First, you can install Ollama into your project folder like this:
cd /projappl/project_2001234  # replace with the appropriate path for you
mkdir ollama
cd ollama
wget https://ollama.com/download/ollama-linux-amd64.tgz
tar xzf ollama-linux-amd64.tgz
rm ollama-linux-amd64.tgz
On LUMI you have to do this additionally (in the same directory as above). Note that with the additional ROCm files, the installation takes 14 GB of disk space!

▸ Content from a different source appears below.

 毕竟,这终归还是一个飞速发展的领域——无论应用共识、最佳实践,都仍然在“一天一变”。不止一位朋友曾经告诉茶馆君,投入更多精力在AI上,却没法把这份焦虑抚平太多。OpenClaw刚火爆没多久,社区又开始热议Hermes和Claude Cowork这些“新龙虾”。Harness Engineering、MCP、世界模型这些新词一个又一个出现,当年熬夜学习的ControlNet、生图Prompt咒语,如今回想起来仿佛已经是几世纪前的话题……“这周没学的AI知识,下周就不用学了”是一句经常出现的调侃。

wget https://ollama.com/download/ollama-linux-amd64-rocm.tgz
tar xzf ollama-linux-amd64-rocm.tgz
rm ollama-linux-amd64-rocm.tgz
In your batch job you then just need to start the service with ollama
serve. After that your job can access the API in localhost at port
11434.  It's also a good idea to setup the environment variable
OLLAMA_MODELS to point to the project scratch, as it will otherwise
download huge model files to your home directory.  See our example
Slurm script run-ollama.sh for running with Ollama.
The ai-inference-examples repository also has some examples of
running Ollama on a full node with 4 GPUs on Puhti and 8 GPUs on LUMI.
Inference with vLLM
vLLM is another library for running LLM inference. vLLM supports offline batched inference which is the mode most suitable for running in a supercomputer. This runs just as a normal Python batch job.
Here is a user-contributed example for processing a big dataset with vLLM efficiently: https://github.com/TurkuNLP/ECCO-ocr-large-run.
In some situations there's still a need for an OpenAI-compatible
server, for example when interfacing with other programs. Example
scripts for running vLLM on Puhti, Mahti and LUMI can be found in our
ai-inference-examples repository. There's also an example of
running on multiple nodes using Ray.